How does one change the entire game of Hip-Hop with a single album — a debut album that clocks in at just under 40 minutes at that? For then-20-year-old rapper Nasir bin Olu Dara Jones — we’ve all grown to love and known him simply as Nas — that became a reality that has only developed in the past 25 years since its release. The album of course is Illmatic, released on April 19, 1994, and the lyricism, skill and overall production heard on the LP still sounds just as fresh today as it did back then.
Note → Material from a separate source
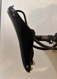Vendo bici scatto fisso, telaio nero con dettagli verdi. Sella e manopole in pelle marca Brooks. Campanello. La sella è legata al telaio con una piccola catena. Ha fatto tanta strada, adesso è da troppo tempo appena in casa. Ritiro a mano a Milano.

Take a trip down memory lane with us as we briefly break down why.


Columbia


What started out as a soundtrack single off the 1992 film Zebrahead turned into the album’s classic debut cut “Halftime,” produced by Large Professor who would also lend his studio skills on “One Time 4 Your Mind” and the standout “It Ain’t Hard to Tell.” Other producers that helped bring this project to life include the album’s executive producer Faith Newman (“The Genesis”), the legend himself DJ Premier (“N.Y. State of Mind”; “Memory Lane (Sittin’ in da Park)”; “Represent”), Leshan David Lewis aka L.E.S. (“Life’s a Bitch”), Pete Rock (“The World Is Yours”) and fellow MC Q-Tip (“One Love”).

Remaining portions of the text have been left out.